World Changers’ goal to build homes, touch hearts
May 27, 2003
Assistant Editor

JACKSONVILLE (FBW)–Hershel Adams knows what 12 teenagers can do in five days during a muggy Florida summer.

“They can replace a roof and paint a house,” Adams told Florida Baptist Witness.

For the last three years, Adams has coordinated governmental agencies, civic organizations and church youth groups in a common mission—a better physical and spiritual community. More than refurbishing a neighborhood, God uses Christian young people through the World Changers (WC) program “to extend His Kingdom’s work,” he said.

“Not only have homes been improved, but a number of people have come to know Jesus Christ as their personal Savior and Lord,” said Adams, the director of missions for Choctaw Baptist Association.

This summer, about 2,730 volunteers will work throughout Florida communities, including Ft. Pierce, Tallahassee, Palm Beach County, Tampa, Miami, Ft. Walton Beach, Niceville and Pensacola, according to Allison Rickard, semester missionary for World Changers, a volunteer youth program of the Southern Baptists Convention’s North American Mission Board.

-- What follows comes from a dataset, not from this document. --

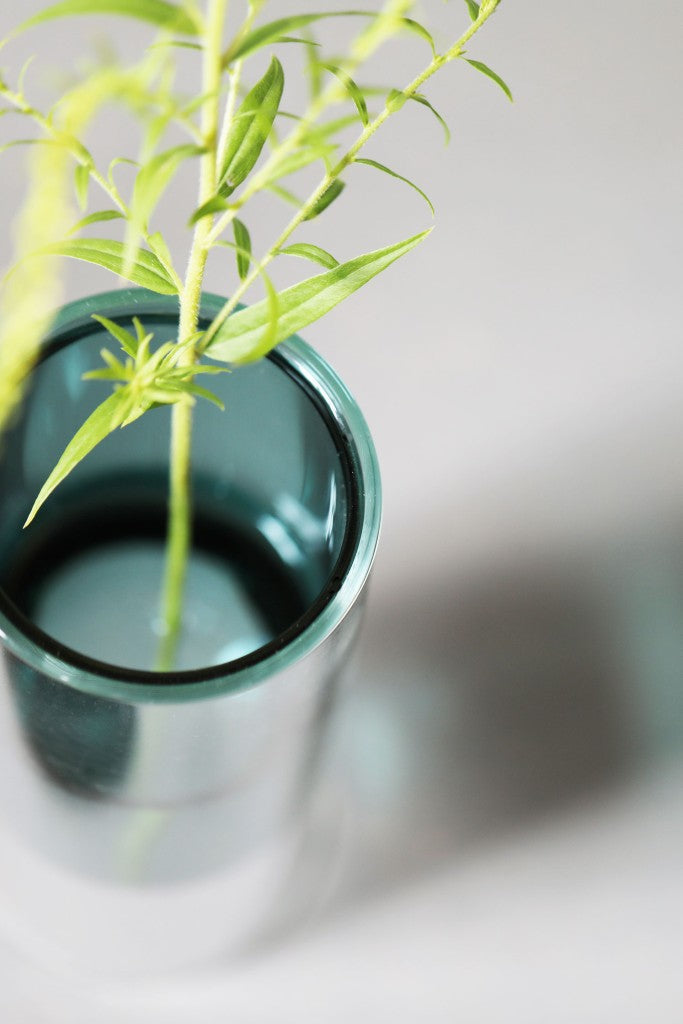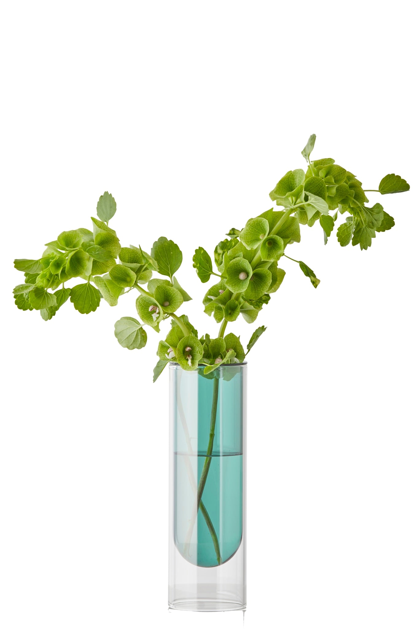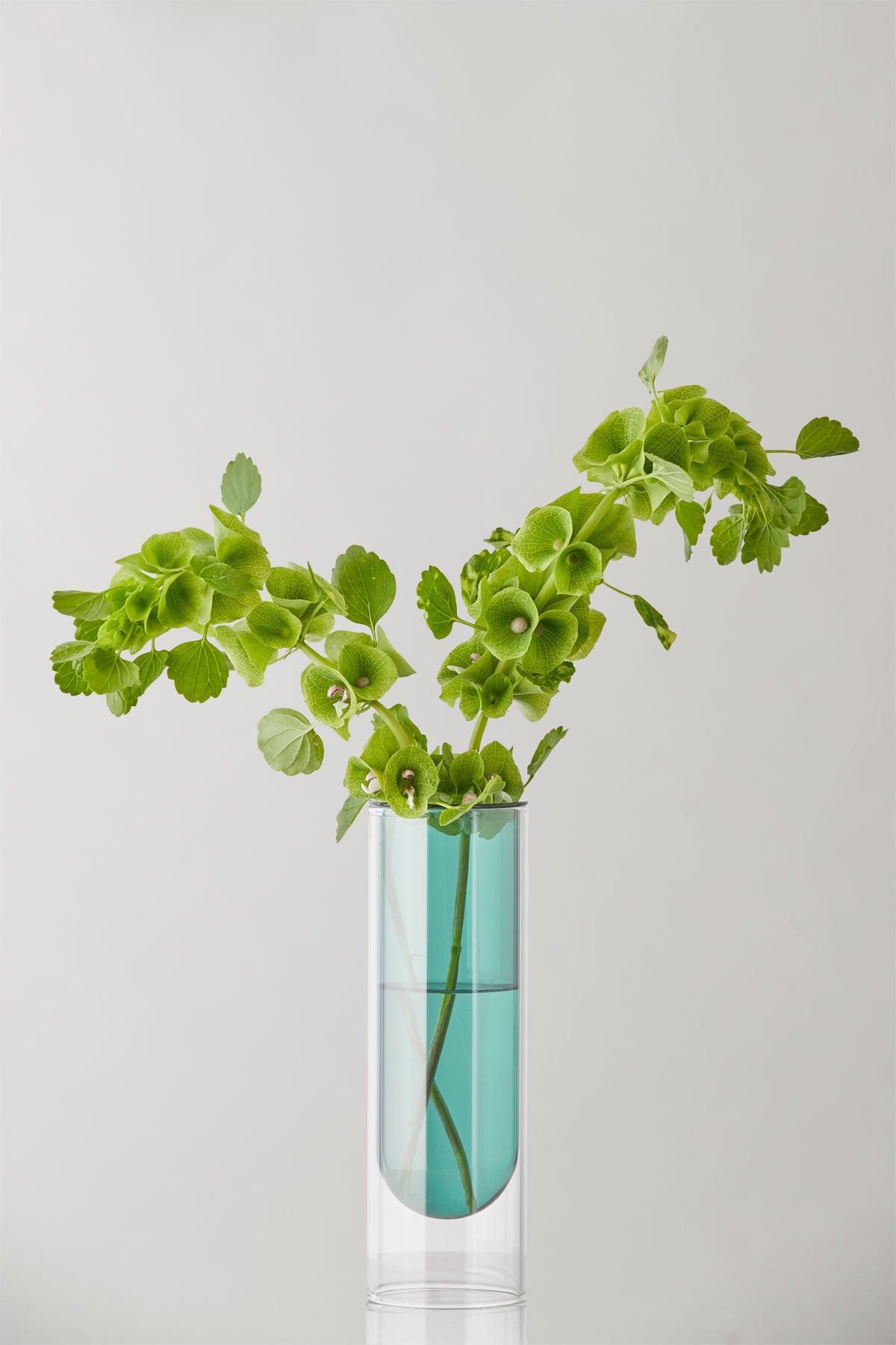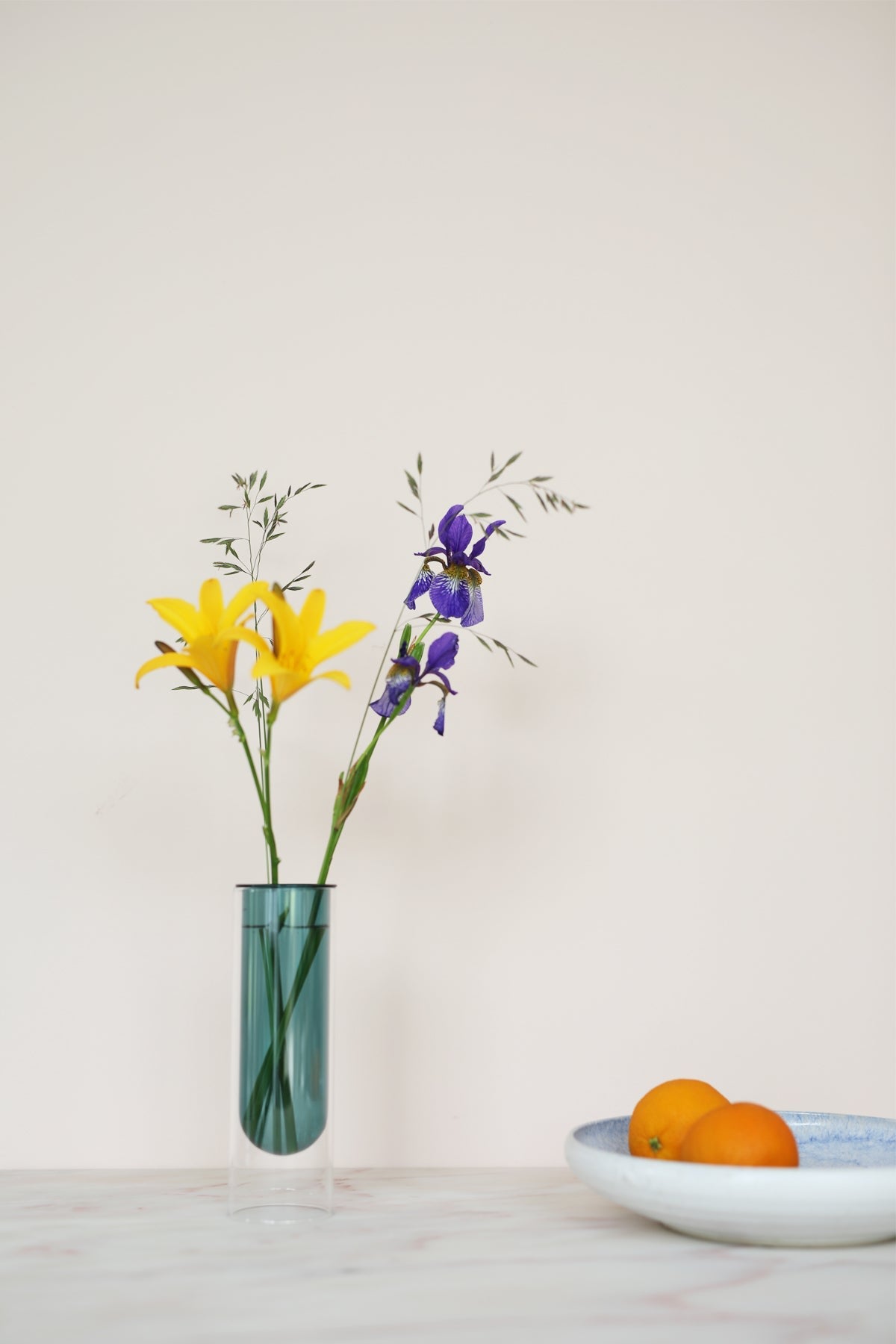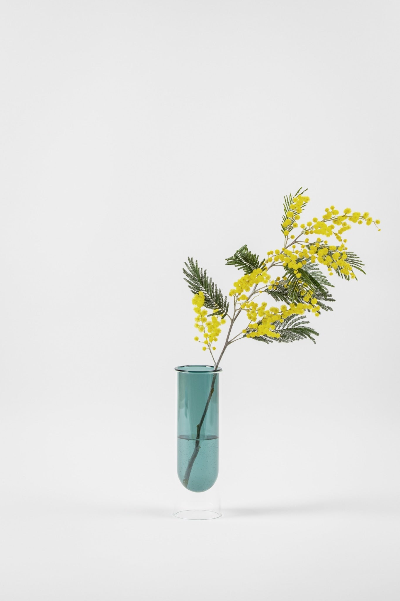 FLOWER TUBE The collection is a series of cylindrical vases designed for small bouquets and individual flowers. They work beautifully with spring branches from the garden too or cuttings so you can shape and create your favourite plant. The vases are available in 2 sizes and consist of a transparent exterior and a coloured interior that makes up the vase itself. This vase is mouth-blown in the glass type borosilicate glass.

“It is such a blessing that kids from all across the nation pay their own way to come and work on a roof in Florida, in the middle of the summer with a heat index of 105,” said Adams. He is the associational coordinator for the WC teams which are painting and replacing roofs in Ft. Walton Beach and Niceville this summer.

Begun in 1990, World Changers’ primary goal is to involve young people from middle school through college in “opportunities to meet the physical and spiritual needs of others,” according to the World Changers Web site. Projects are a blend of community ministries and refurbishing homes in low-income neighborhoods. More than 23,000 students are expected to participate this year in the United States and in 19 other countries.

Allen James, minister of college students at Westside Baptist Church in Gainesville, said World Changers participants come away from working on the week-long projects with a sense of purpose or mission. He said WC may have a more “lasting impact on young people” than going to camp.

James, involved in WC for ten years, is the worship leader for the Pensacola project. He said after a hard day of work, the nightly services are a “celebration of what God has done and contagious for everyone to share their faith.”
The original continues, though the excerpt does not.